The region covered by the left child node, \(t_L\), and the right child node, \(t_R\), are disjoint and if combined, form the bigger region of their parent node t. The sum of the probabilities over two disjoined sets is equal to the probability of the union. \(p_L\)  then becomes the relative proportion of the left child node with respect to the parent node.

Next, we define the difference between the weighted impurity measure of the parent node and the two child nodes.

\[ \begin {align}\Delta I(s,t)& = I(t)-I(t_L)-I(t_R)\\
& = p(t)i(t) -p(t_L)i(t_L)-p(t_R)i(t_R)\\
& = p(t)i(t) -p_L i(t_L)-p_Ri(t_R) \\
& = p(t)\Delta i(s,t) \\
\end {align} \]

Finally getting to this mystery of the impurity function...

It should be understood that no matter what impurity function we use, the way you use it in a classification tree is the same. The only difference is what specific impurity function to plug in. Once you use this, what follows is the same.

Possible impurity functions:

  1. Entropy function: \(\sum_{j=1}^{K}p_j \text{ log }\frac{1}{p_j}\). If pj = 0, use the limit \(\text{lim }p_j \rightarrow \text{ log }p_j=0\).
  2. Misclassification rate: \(1 - max_j  p_j \).
  3. Gini index: \(\sum_{j=1}^{K}p_j (1-p_j)=1-\sum_{j=1}^{K}p_{j}^{2}\).

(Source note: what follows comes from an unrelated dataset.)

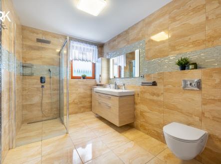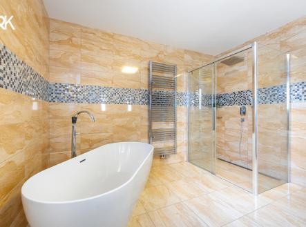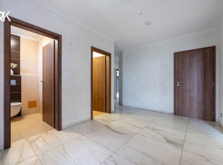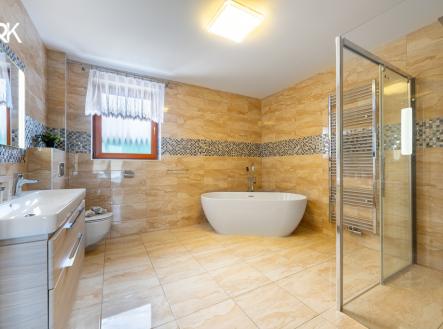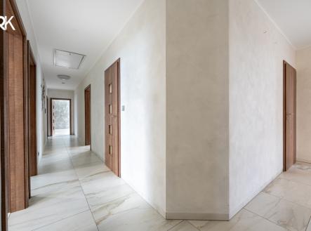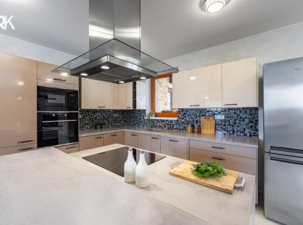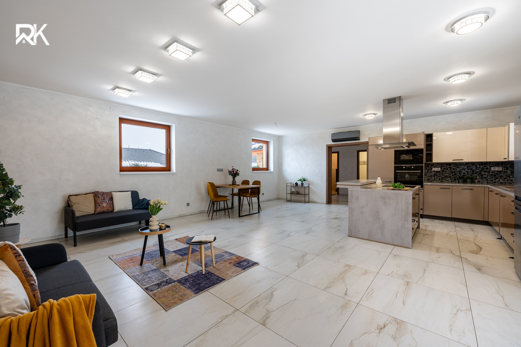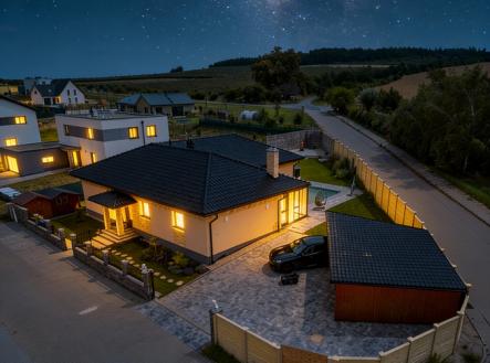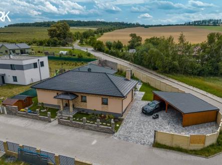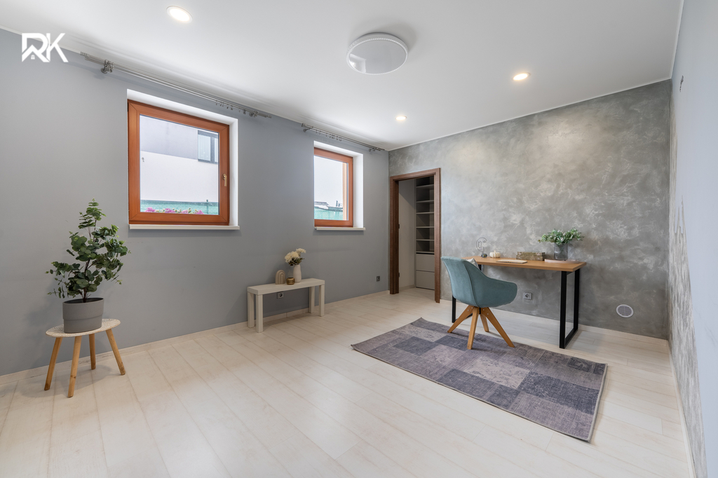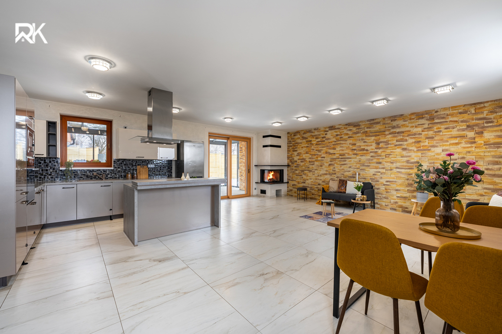 V Červených Pečkách, jen několik minut jízdy od Kolína, nabízíme k prodeji výjimečný moderní bungalov o užitné ploše 229 m² s celoroční zimní zahradou o velikosti 26 m², kolaudovaný v květnu 2022. Nemovitost se nachází v klidné části obce s kompletní občanskou vybaveností a zároveň nabízí naprosté soukromí. Dům je dispozičně řešen jako velkorysé 5+kk. Dominantou je prostorný obývací pokoj propojený s kuchyní a jídelnou, jehož atmosféru doplňují krbová kamna. Z obytného prostoru je přímý vstup do zimní zahrady, která je vytápěná i klimatizovaná a umožňuje plnohodnotné využití po celý rok. Soukromou část domu tvoří čtyři samostatné ložnice, přičemž každá disponuje vlastní šatnou. K dispozici jsou dvě koupelny, tři samostatné toalety, praktická spíž u kuchyně a další samostatná šatna u vstupu do domu. Další úložný prostor nabízí skladovací místnost v podkroví o velikosti cca 35 m². Stavba byla realizována z kvalitních materiálů s důrazem na energetickou úspornost a dlouhou životnost. Použito bylo zdivo Heluz Family, fasáda je zateplena 20 cm izolace, strop disponuje 50 cm minerální vaty. Osazena jsou sedmikomorová okna s trojskly a dům je zastřešen pálenou glazovanou taškou. V interiéru byly použity luxusní italské dlažby a kvalitní vinylové podlahy. Samozřejmostí jsou bezpečnostní rolety s motory Somfy ve všech oknech. Komfort bydlení zajišťuje kompletní podlahové vytápění napojené na kondenzační plynový kotel v kombinaci s tepelným čerpadlem. Každá místnost je vybavena klimatizací. Nemovitost disponuje kamerovým a zabezpečovacím systémem včetně videozvonku. Exteriér domu je navržen s důrazem na pohodlí i reprezentativní využití. K dispozici je kryté parkování pro tři vozy, elektrická vjezdová brána a 400V zásuvka vhodná například pro wallbox či dílenské využití. Na zahradě se nachází nadstandardní bazén s protiproudem, vyhřívaný samostatným tepelným čerpadlem. Zahrada je kompletně zatravněná, vybavena automatickou závlahou a retenční nádrží na dešťovou vodu. Připravena je také infrastruktura pro venkovní kuchyni včetně přívodu vody, odpadu a WC. Součástí jsou dvě zahradní kůlny pro technické zázemí. Červené Pečky nabízejí plnou občanskou vybavenost – mateřskou i základní školu, zdravotní středisko, lékárnu, poštu, obchody, restaurace, sportoviště i vlakové spojení. Díky blízkosti Kolína nebo Kutné Hory je zajištěna široká nabídka pracovních příležitostí i kompletní infrastruktura většího města, přičemž Praha je dostupná přibližně do 45 minut. Nemovitost lze financovat hypotečním úvěrem, který Vám rádi vyřídíme, pros více informací kontaktujte makléře.

Remember, impurity functions have to 1) achieve a maximum at the uniform distribution, 2) achieve a minimum when \(p_j = 1\), and 3) be symmetric with regard to their permutations.

Another Approach: The Twoing Rule

Another splitting method is the Twoing Rule. This approach does not have anything to do with the impurity function.

The intuition here is that the class distributions in the two child nodes should be as different as possible and the proportion of data falling into either of the child nodes should be balanced.

The twoing rule: At node t, choose the split s that maximizes:

\(\frac{p_L p_R}{4}\left[\sum_{j}|p(j|t_L)-p(j|t_R)|  \right]^2\)

When we break one node to two child nodes, we want the posterior probabilities of the classes to be as different as possible. If they differ a lot, each tends to be pure. If instead, the proportions of classes in the two child nodes are roughly the same as the parent node, this indicates the splitting does not make the two child nodes much purer than the parent node and hence not a successful split.

In summary, one can use either the goodness of split defined using the impurity function or the twoing rule. At each node, try all possible splits exhaustively and select the best from them.